Recorded data

--- START ---

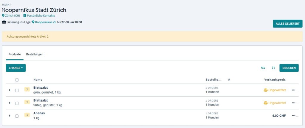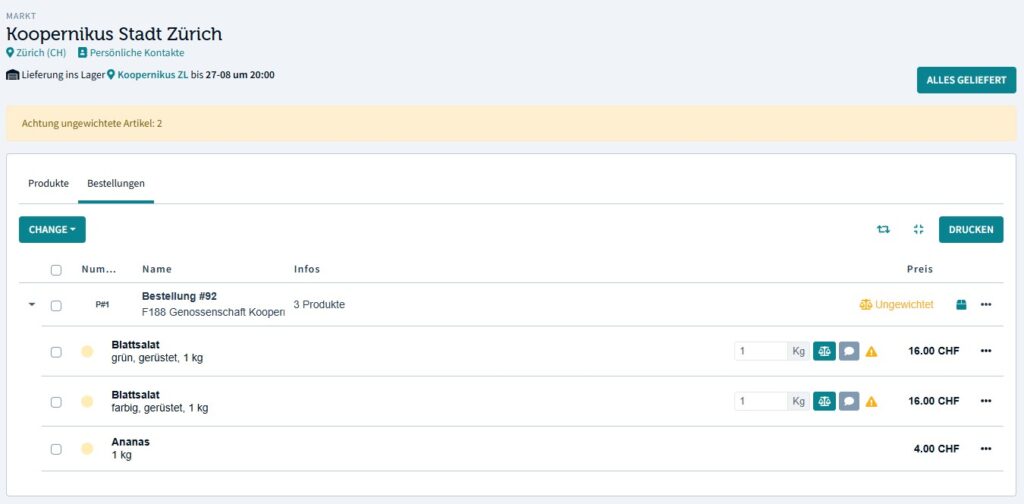 Aufgabe 2: Nachdem du die Waren verpackt hast, ändere bitte den Status der Bestellposition auf geliefert. Du kannst dies in einem Schritt für alle Bestellpositionen einer Bestellrunde tun, indem du auf die Schaltfläche "Alles geliefert" klickst.
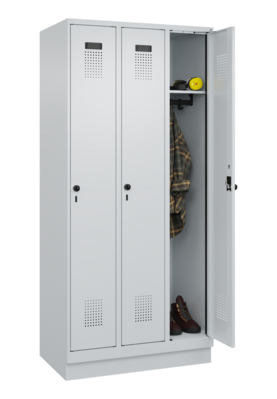 Je Abteil ein festverschweisster Hutboden und darunter eine Kleiderstange mit 3 verdrehsicheren Doppelschiebehaken
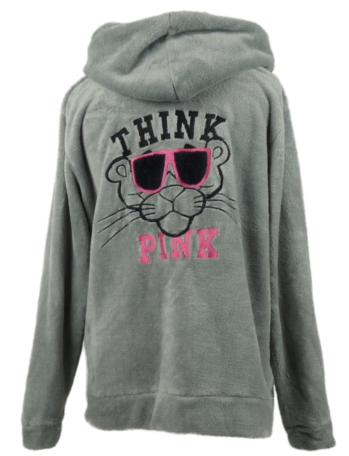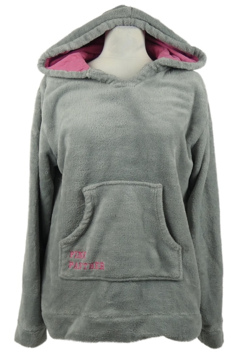 Dámska sivá chlpatá mikina s Růžovým panterem a kapucňou
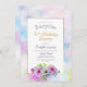 Eine blauen und rosa Blumenüberraschung 50. Geburtstagsfeier mit einer goldfarbenen und pastellfarbenen Wasserfarbenleiste.
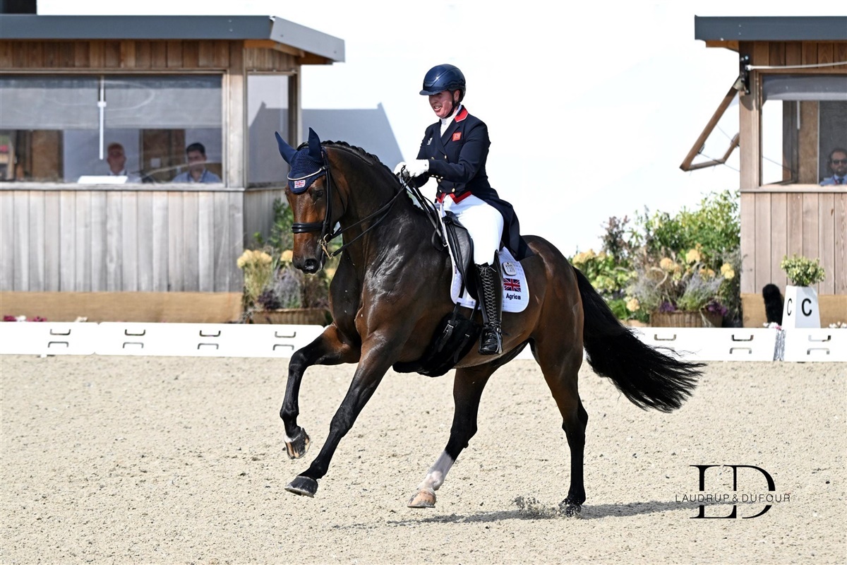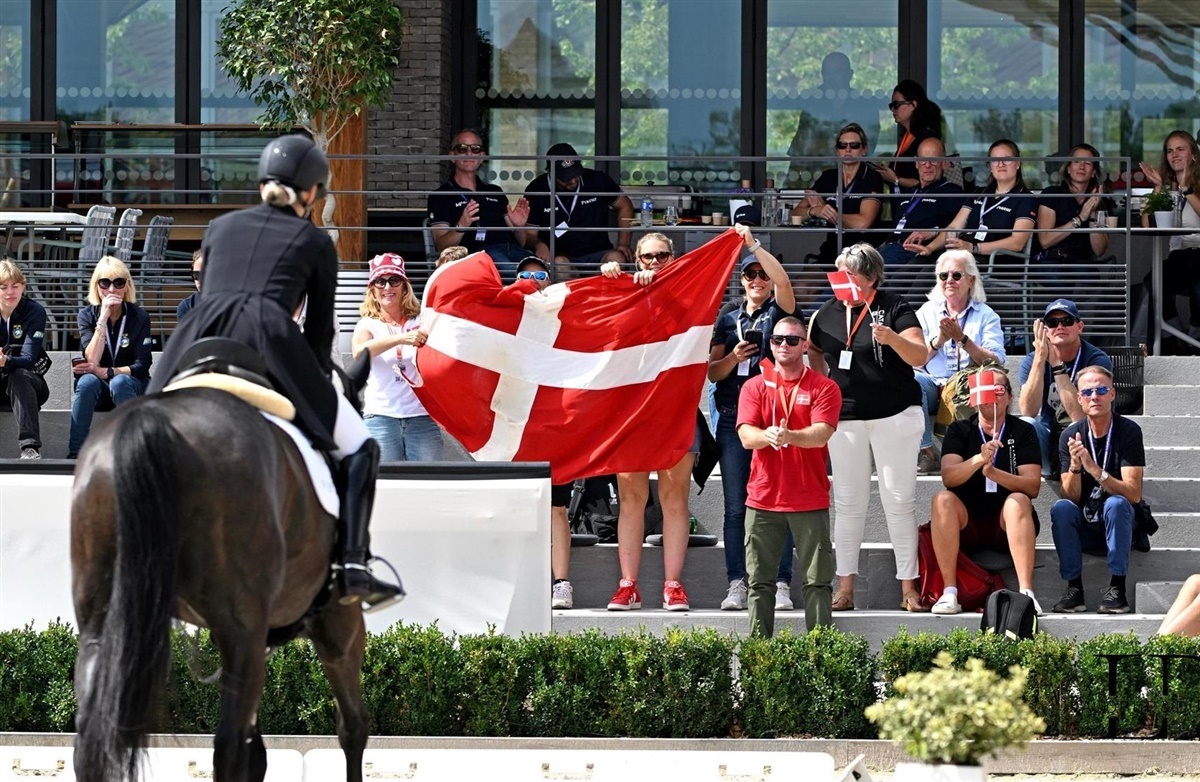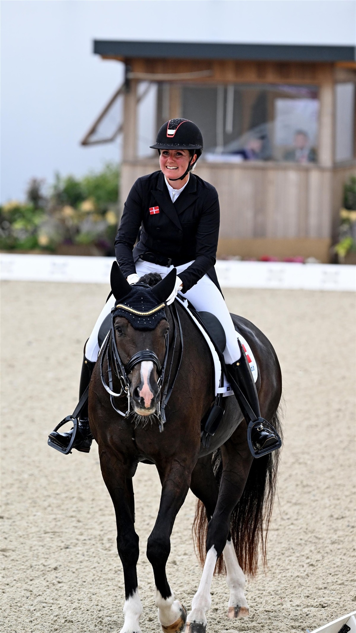 Anden danske ekvipage på banen i dag var 54-årige Rikke Dupont og Grand Galiano e. Grand Galaxy Win/ Blue Hors Don Schufro (opdr. Lotte og Gert Buchhave). Rikke og den 10-årige DV-vallak indfriede ved sommerens CHIO i Aachen for alvor deres potentiale, som er i tråd med den udvikling, der har været, siden de i 2022 blev en del af DRF’s perspektivgruppe. På baggrund af Aachen-resultaterne blev Rikke en del af A-gruppen og for første gang udtaget til at repræsentere Danmark ved et stort, internationalt mesterskabsstævne.

--- END ---

■ Goal of the exercise ■
Copy exactly, leaving out pictures, the lines from the line containing "Dámska sivá chlpatá" through the last line of the records.

■ Task answer ■
 Dámska sivá chlpatá mikina s Růžovým panterem a kapucňou
 Eine blauen und rosa Blumenüberraschung 50. Geburtstagsfeier mit einer goldfarbenen und pastellfarbenen Wasserfarbenleiste.
 Anden danske ekvipage på banen i dag var 54-årige Rikke Dupont og Grand Galiano e. Grand Galaxy Win/ Blue Hors Don Schufro (opdr. Lotte og Gert Buchhave). Rikke og den 10-årige DV-vallak indfriede ved sommerens CHIO i Aachen for alvor deres potentiale, som er i tråd med den udvikling, der har været, siden de i 2022 blev en del af DRF’s perspektivgruppe. På baggrund af Aachen-resultaterne blev Rikke en del af A-gruppen og for første gang udtaget til at repræsentere Danmark ved et stort, internationalt mesterskabsstævne.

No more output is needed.